Top of Exercise material

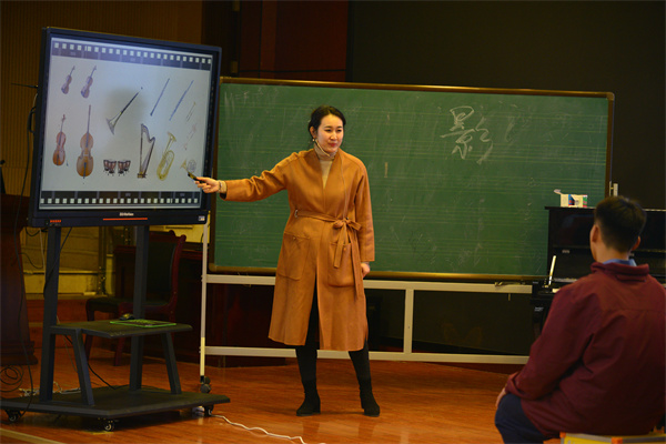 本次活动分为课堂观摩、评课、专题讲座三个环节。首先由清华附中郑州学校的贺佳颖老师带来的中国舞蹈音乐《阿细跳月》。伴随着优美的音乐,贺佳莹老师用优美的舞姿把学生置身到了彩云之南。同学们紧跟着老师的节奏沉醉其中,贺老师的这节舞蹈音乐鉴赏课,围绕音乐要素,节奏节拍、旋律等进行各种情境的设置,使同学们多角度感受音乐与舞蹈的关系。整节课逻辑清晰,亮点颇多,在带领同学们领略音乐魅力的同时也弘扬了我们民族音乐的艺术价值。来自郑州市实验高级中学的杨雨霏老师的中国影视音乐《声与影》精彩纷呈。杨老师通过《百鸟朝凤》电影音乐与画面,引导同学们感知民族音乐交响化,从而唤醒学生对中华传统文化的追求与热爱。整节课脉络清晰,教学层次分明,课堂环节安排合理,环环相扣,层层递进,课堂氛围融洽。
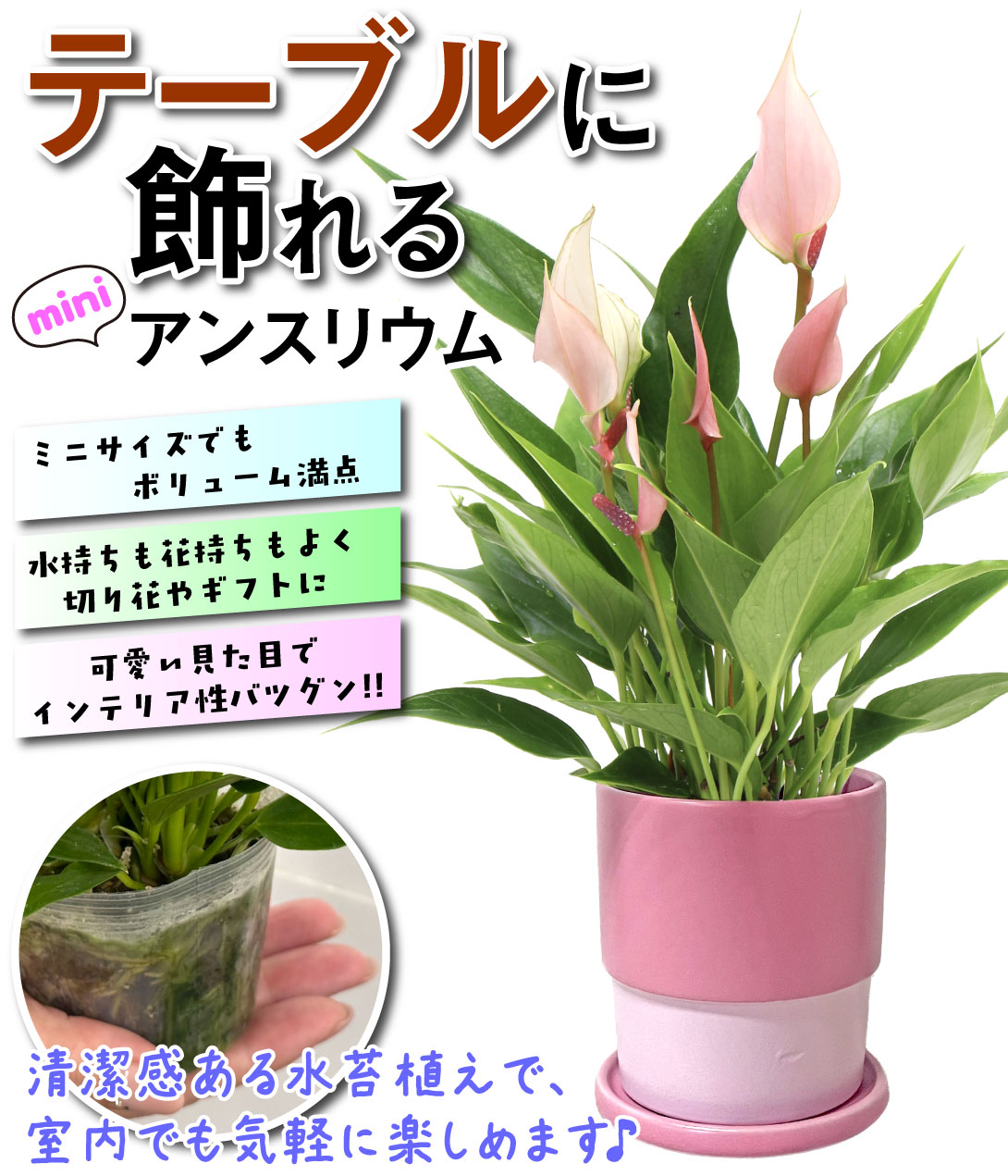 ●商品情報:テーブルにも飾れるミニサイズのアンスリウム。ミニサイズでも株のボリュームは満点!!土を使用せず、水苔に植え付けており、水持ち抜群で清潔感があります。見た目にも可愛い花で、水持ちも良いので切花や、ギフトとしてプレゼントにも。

Bottom of Exercise material
Top of Exercise material

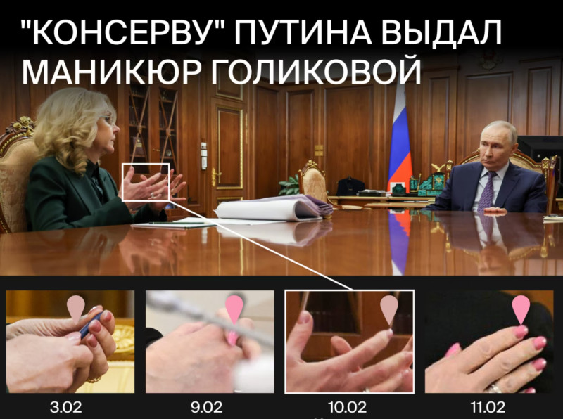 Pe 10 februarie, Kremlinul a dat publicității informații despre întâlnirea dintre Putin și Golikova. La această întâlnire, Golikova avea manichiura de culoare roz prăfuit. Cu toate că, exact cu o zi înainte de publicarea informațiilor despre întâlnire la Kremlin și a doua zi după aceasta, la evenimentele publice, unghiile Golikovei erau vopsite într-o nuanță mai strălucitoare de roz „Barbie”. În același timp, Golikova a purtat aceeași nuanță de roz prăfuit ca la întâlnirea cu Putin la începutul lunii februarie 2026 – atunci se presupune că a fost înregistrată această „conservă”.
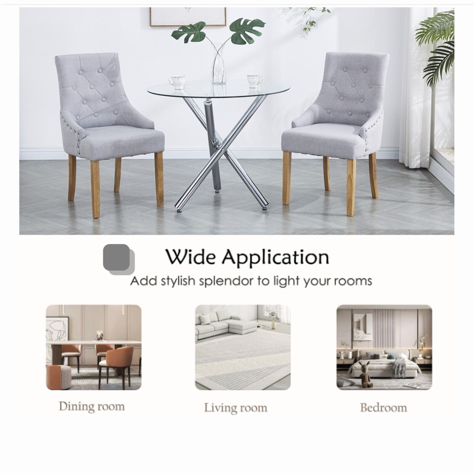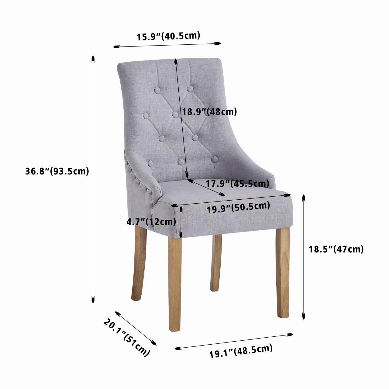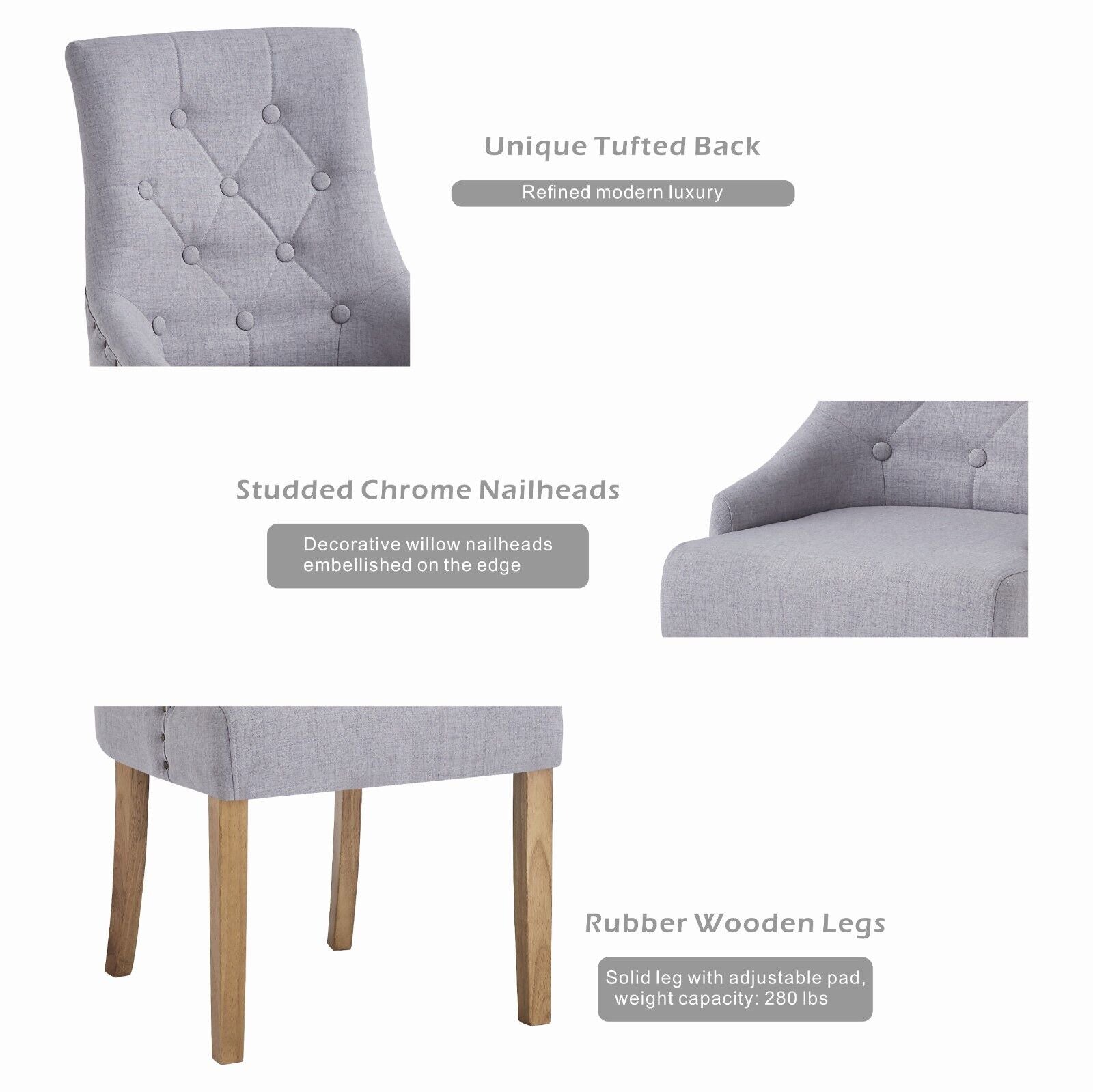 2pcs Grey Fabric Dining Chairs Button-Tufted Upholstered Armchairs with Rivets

Bottom of Exercise material

**Exercise brief**
Within the listing above, copy exactly the lines that start at the one with "Pe 10 februarie, Kremlinul" and continue through the one with "2pcs Grey Fabric". Omit pictures.

**Task answer**
 Pe 10 februarie, Kremlinul a dat publicității informații despre întâlnirea dintre Putin și Golikova. La această întâlnire, Golikova avea manichiura de culoare roz prăfuit. Cu toate că, exact cu o zi înainte de publicarea informațiilor despre întâlnire la Kremlin și a doua zi după aceasta, la evenimentele publice, unghiile Golikovei erau vopsite într-o nuanță mai strălucitoare de roz „Barbie”. În același timp, Golikova a purtat aceeași nuanță de roz prăfuit ca la întâlnirea cu Putin la începutul lunii februarie 2026 – atunci se presupune că a fost înregistrată această „conservă”.
 2pcs Grey Fabric Dining Chairs Button-Tufted Upholstered Armchairs with Rivets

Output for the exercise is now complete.